── WORKING DATA

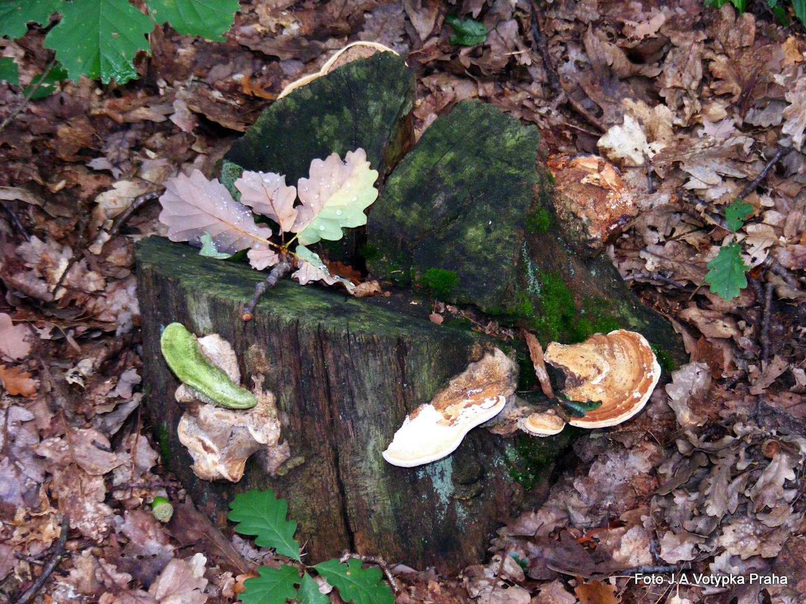 Fungi, moss and some oak leaves on an old tree stump in an oak tree woodland.
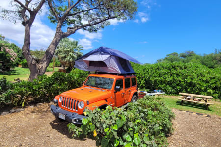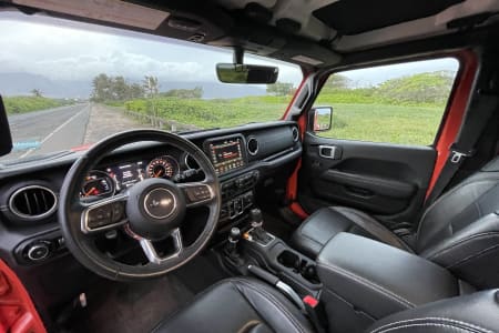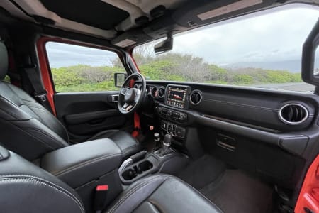 The Freedom Panels above the front seats pop out for optimal island-cruising, perfect for the Road to Hana. Don't limit yourself to only seeing out the window, the waterfalls aren't meant to be missed!
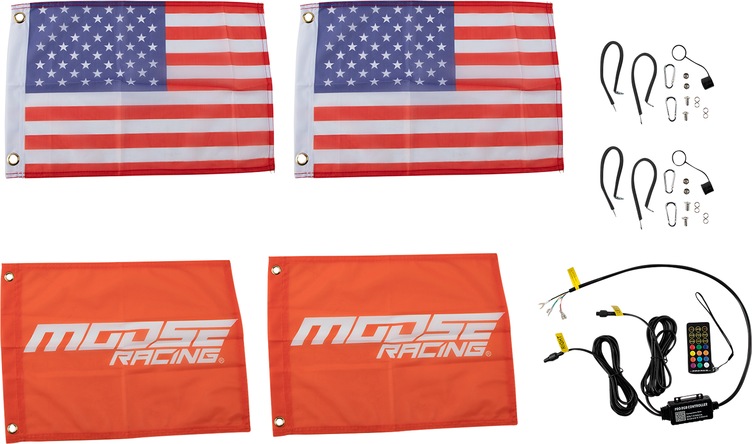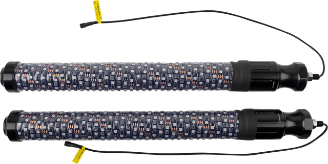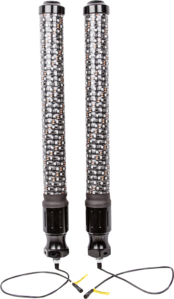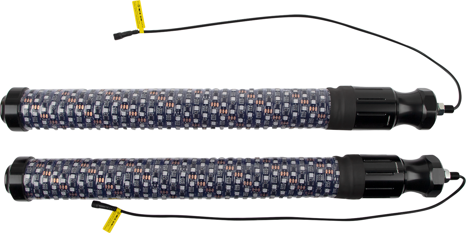 2" inner diameter tube and more LEDs than a 5' Chasing whip, The quick release are quick to remove, and quick to install, The innovative Chasing whip bases feature all the wiring that the whip needs built inside the base itself, Bluetooth control via a free, easy-to-use app. Provides ultimate functionality including music sync, color, pattern and light effect customization, color brightness speed control, and group LED control, Chasing function with 300 different colors and 200 patterns, including flash, strobe and fade-through colors, stream, cascade and different color combinations from top, bottom, and middle; adjust speed/brightness or lock on one color, IP67 dust and waterproof, Included flag is interchangeable or remove it completely, Includes: 2 whip lights, remote, wiring harness, Moose flags, American flags, dust caps, flag hardware and install instructions
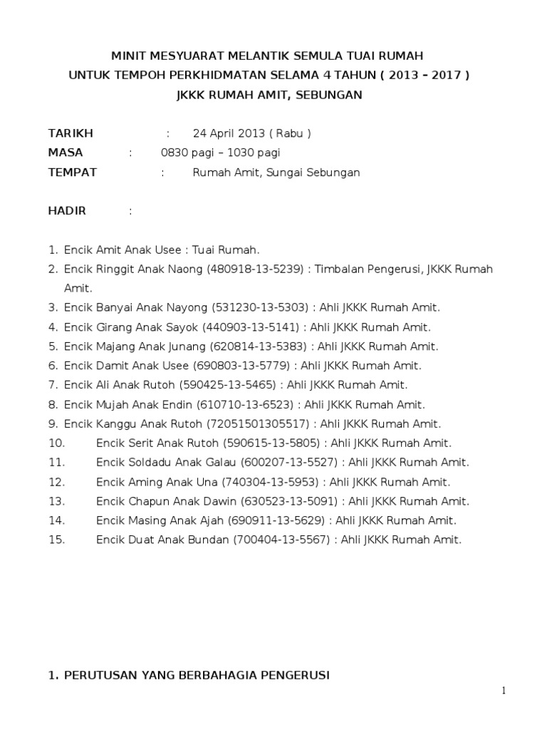 Related : Contoh Minit Mesyuarat Jkkk : Minit mesyuarat jkkk kampung bako hilir 93050 kuching, sarawak bil 01 /11 tarikh masa tempat kehadiran..
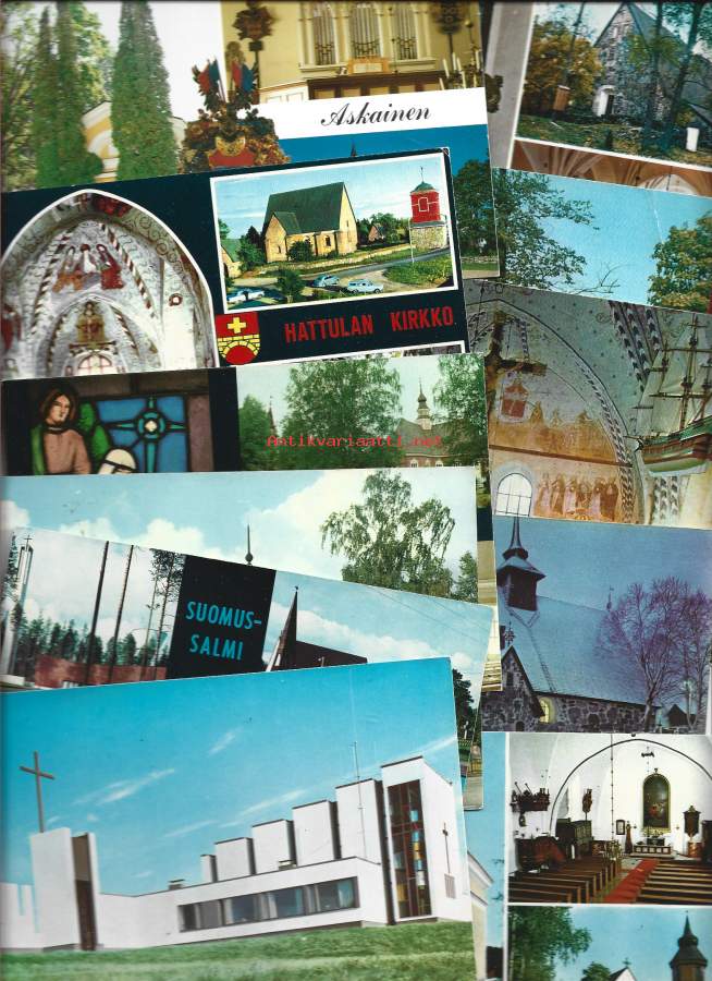 Suomalaisia kirkkokortteja n 25 kpl erä paikkakuntakortti, kirkkopostikortti kirkkokortti

────

WHAT NEEDS TO BE DONE
Your task is to set down every entry exactly, leaving out any picture it contains.

TASK SOLUTION
 Fungi, moss and some oak leaves on an old tree stump in an oak tree woodland.
 The Freedom Panels above the front seats pop out for optimal island-cruising, perfect for the Road to Hana. Don't limit yourself to only seeing out the window, the waterfalls aren't meant to be missed!
 2" inner diameter tube and more LEDs than a 5' Chasing whip, The quick release are quick to remove, and quick to install, The innovative Chasing whip bases feature all the wiring that the whip needs built inside the base itself, Bluetooth control via a free, easy-to-use app. Provides ultimate functionality including music sync, color, pattern and light effect customization, color brightness speed control, and group LED control, Chasing function with 300 different colors and 200 patterns, including flash, strobe and fade-through colors, stream, cascade and different color combinations from top, bottom, and middle; adjust speed/brightness or lock on one color, IP67 dust and waterproof, Included flag is interchangeable or remove it completely, Includes: 2 whip lights, remote, wiring harness, Moose flags, American flags, dust caps, flag hardware and install instructions
 Related : Contoh Minit Mesyuarat Jkkk : Minit mesyuarat jkkk kampung bako hilir 93050 kuching, sarawak bil 01 /11 tarikh masa tempat kehadiran..
 Suomalaisia kirkkokortteja n 25 kpl erä paikkakuntakortti, kirkkopostikortti kirkkokortti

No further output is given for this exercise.